PROBLEM DESCRIPTION: In the records below, repeat word for word only the lines starting at the one that contains "Pozlátené náušnice so" and ending at the one that contains "In commemoration of", pictures excluded.

┌──

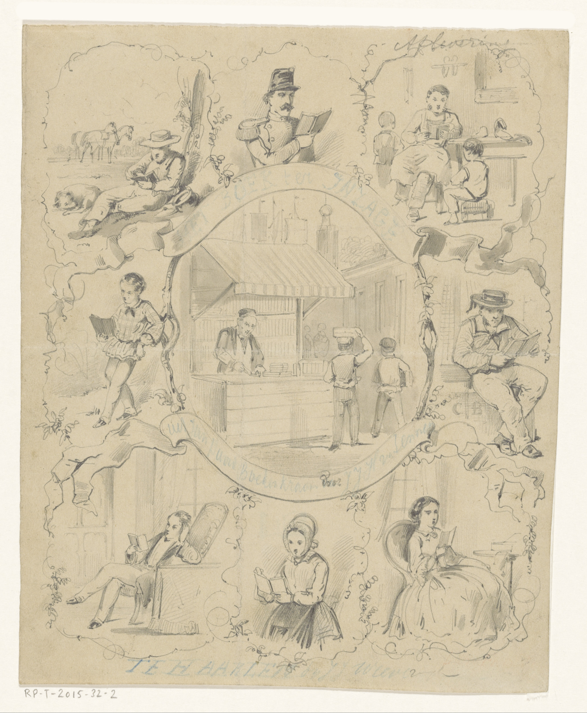 Boekenkraam op een markt omgeven door acht scènes me...
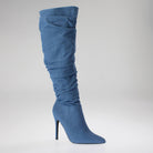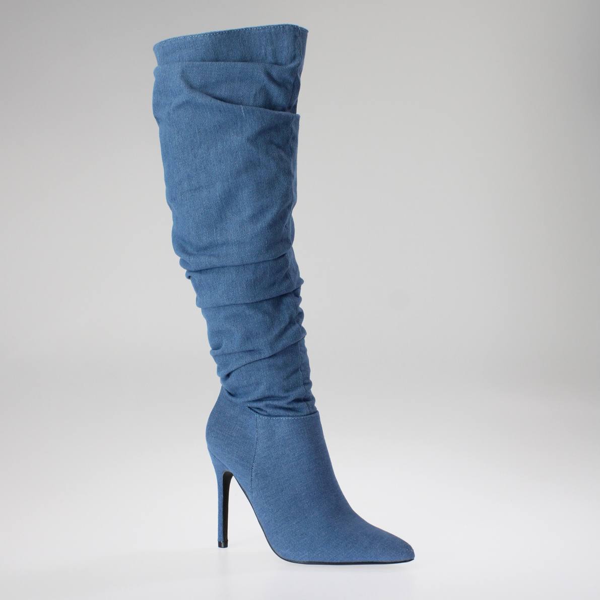 Stivale a punta in jeans con gambale drappeggiato , chiusura con cerniera laterale e tacco di 10 cm.
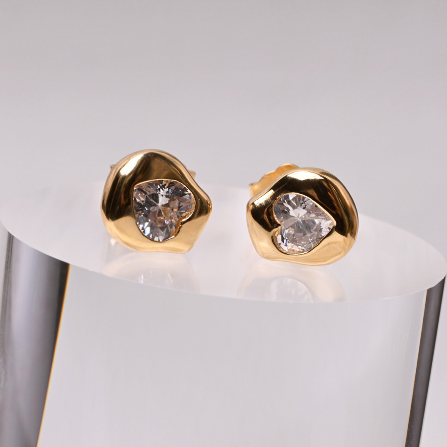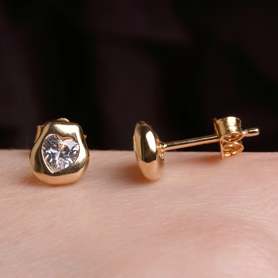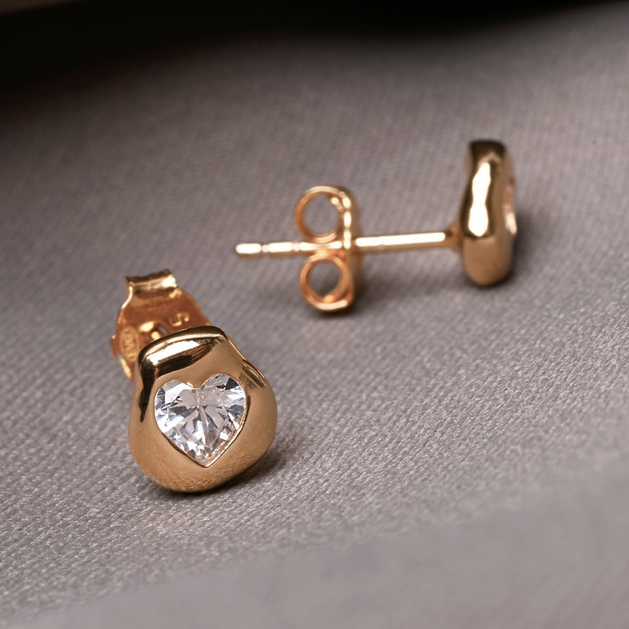 Pozlátené náušnice so zirkónovým srdiečkom 11790.1
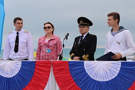 In commemoration of opening the shift in the children's center the flags of the Russian Federation, FSUE “Rosmorport”, the Sea Teaches All program, and flags of the program's partners, the Ministry of Transport of the Russian Federation and Rosmorrechflot, have been raised.
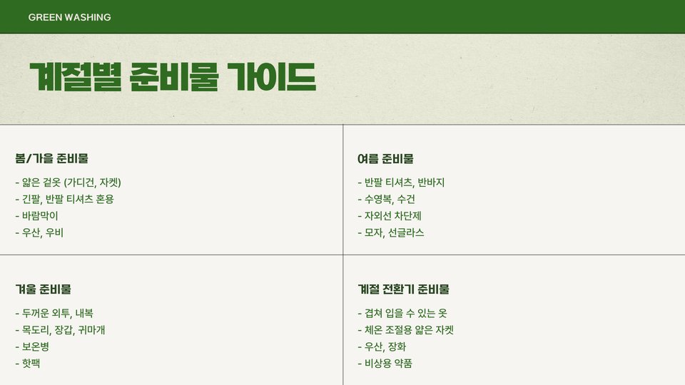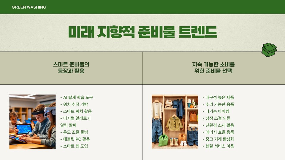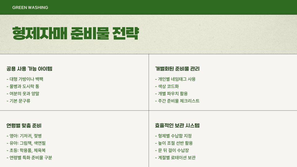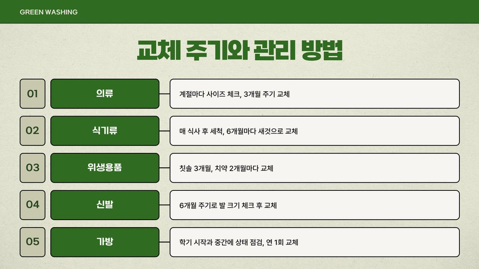 | 정기적 관리 | 아이의 성장에 맞 인해 준비물을 주기적으로 점검하고 교체합니다. |
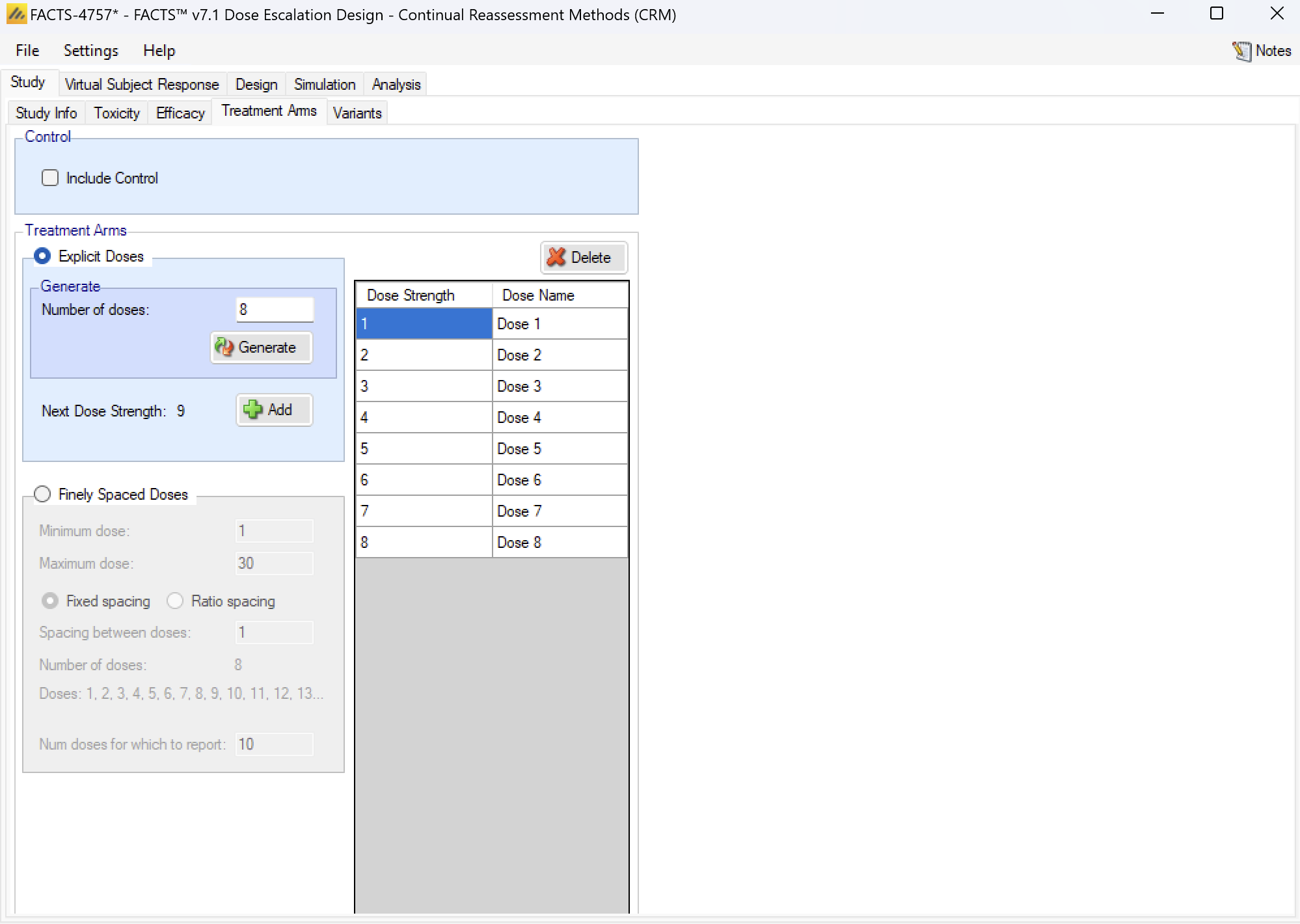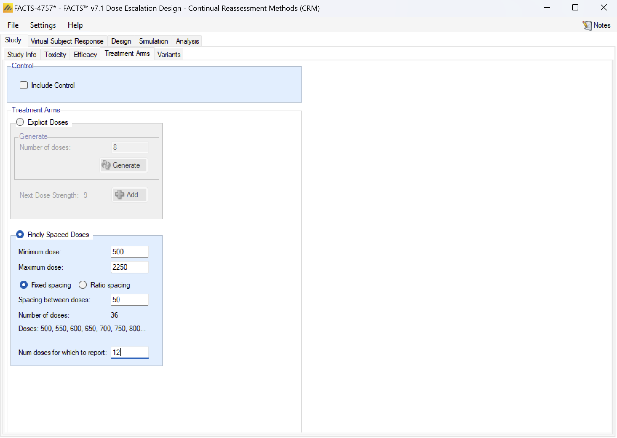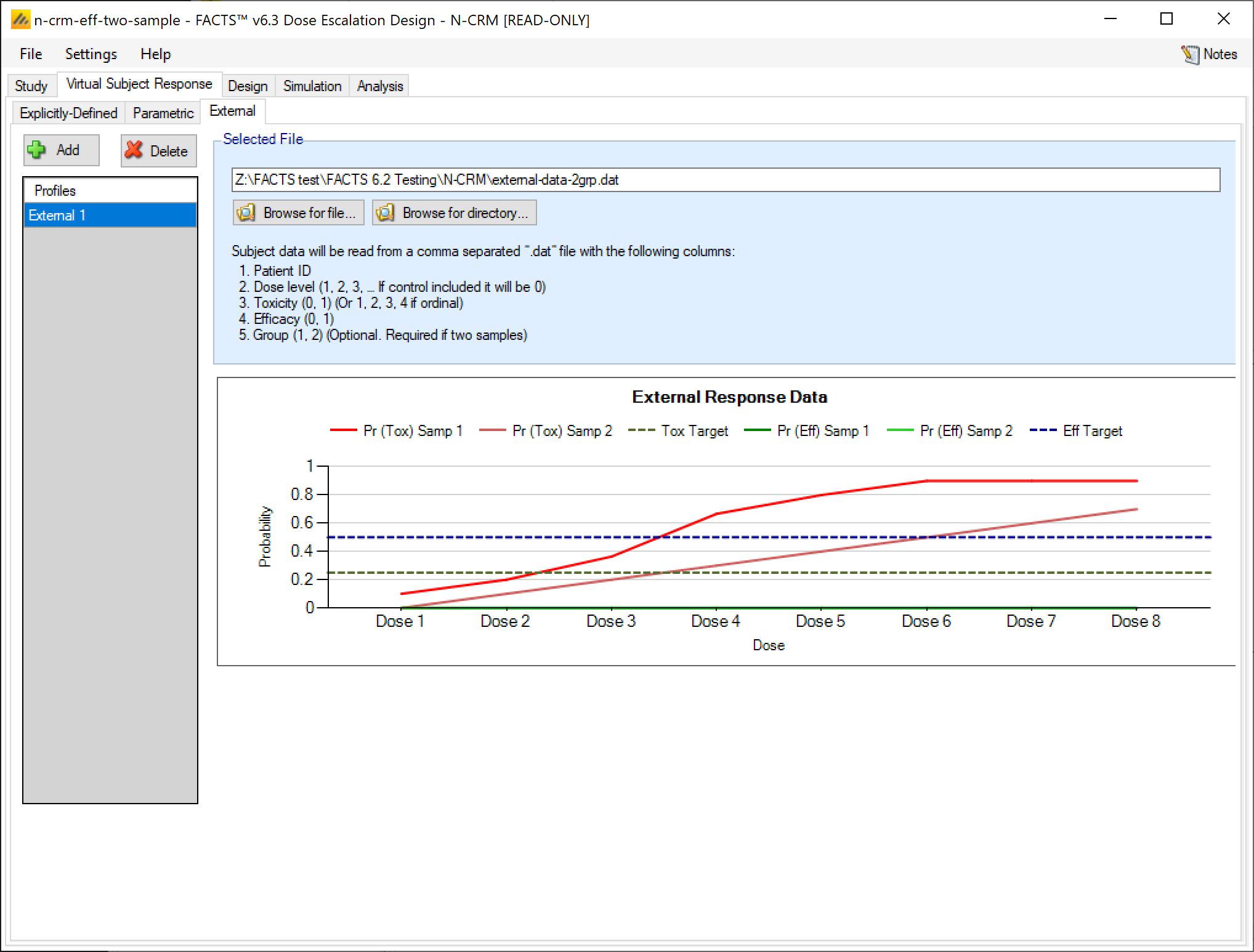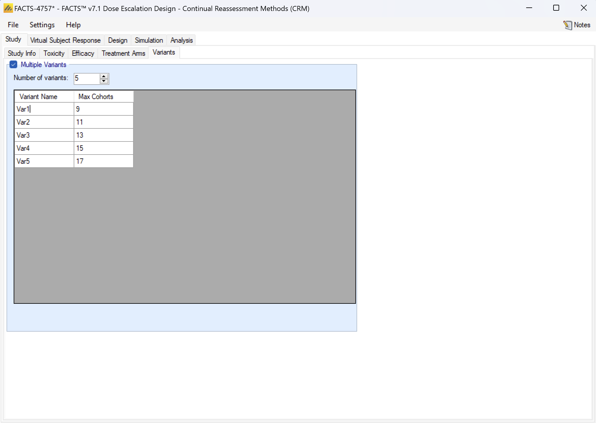 In FACTS 6.1 N-CRM has the new feature of ‘design variants’ that allow the user to easily simulate and evaluate an N-CRM design at different sample sizes. This change includes 4 elements:
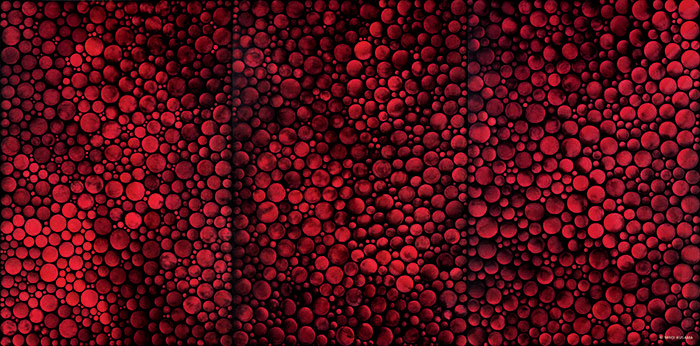 《星塵的積累》 2001 年 塑膠彩布本,共三屏 194 × 390 厘米 松本市美術館藏 ?草間彌生
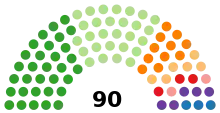 Makeup of the National Council of Provinces in the 22nd Parliament; a darker shade represents a permanent delegate while a lighter shade represents a special delegate
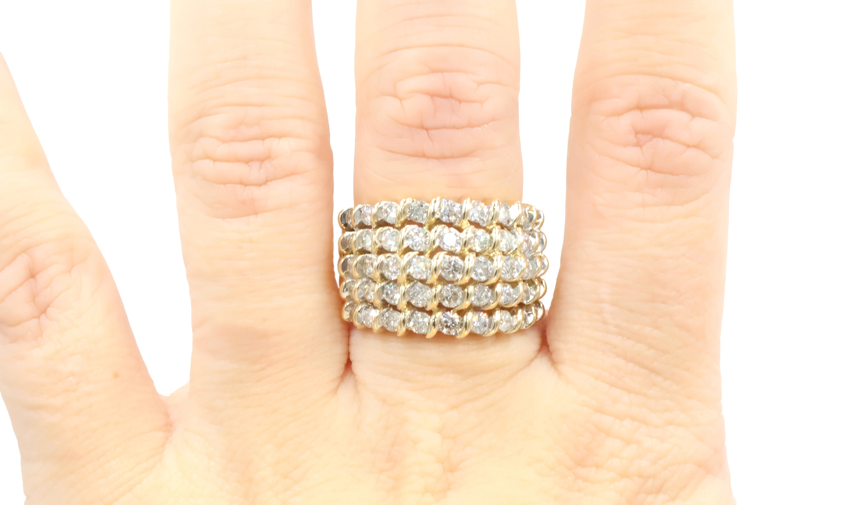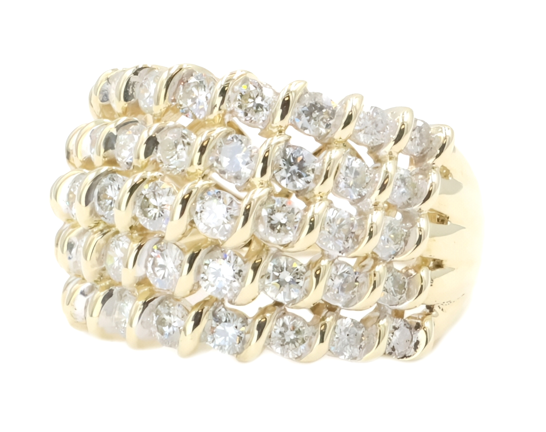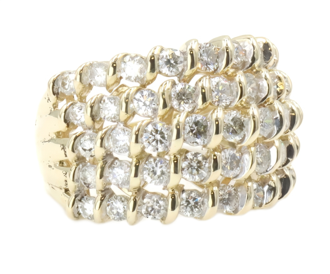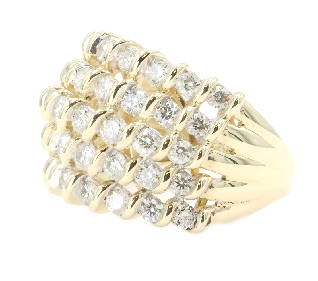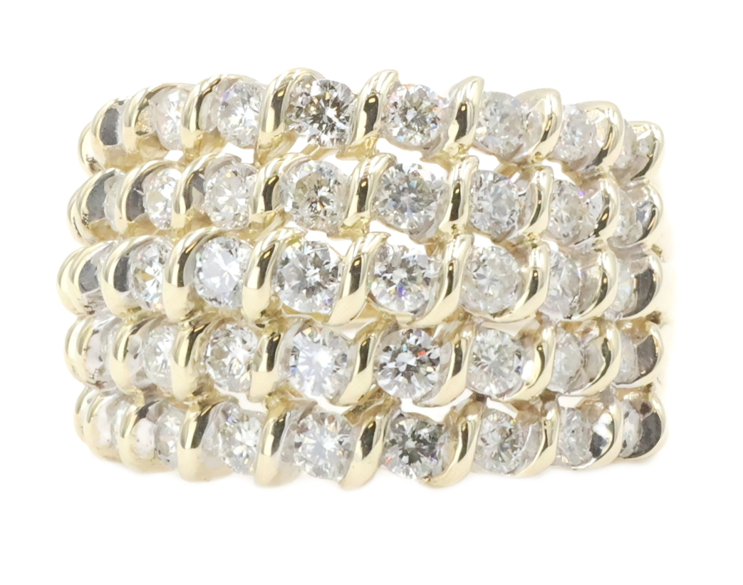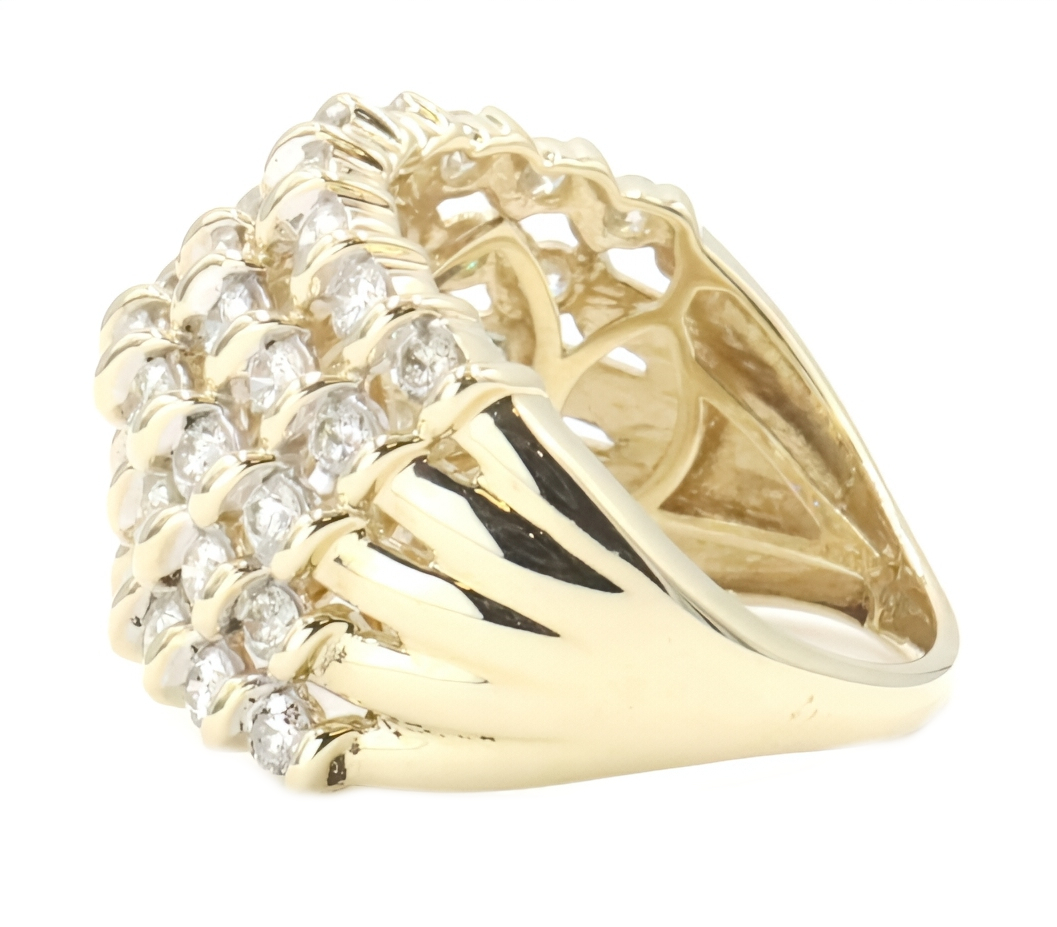 10KT Yellow Gold 1.85 ctw Round Diamond 5 Row Multi Layer Women's Estate Ring | USA Pawn

└──

THE ANSWER:
 Pozlátené náušnice so zirkónovým srdiečkom 11790.1
 In commemoration of opening the shift in the children's center the flags of the Russian Federation, FSUE “Rosmorport”, the Sea Teaches All program, and flags of the program's partners, the Ministry of Transport of the Russian Federation and Rosmorrechflot, have been raised.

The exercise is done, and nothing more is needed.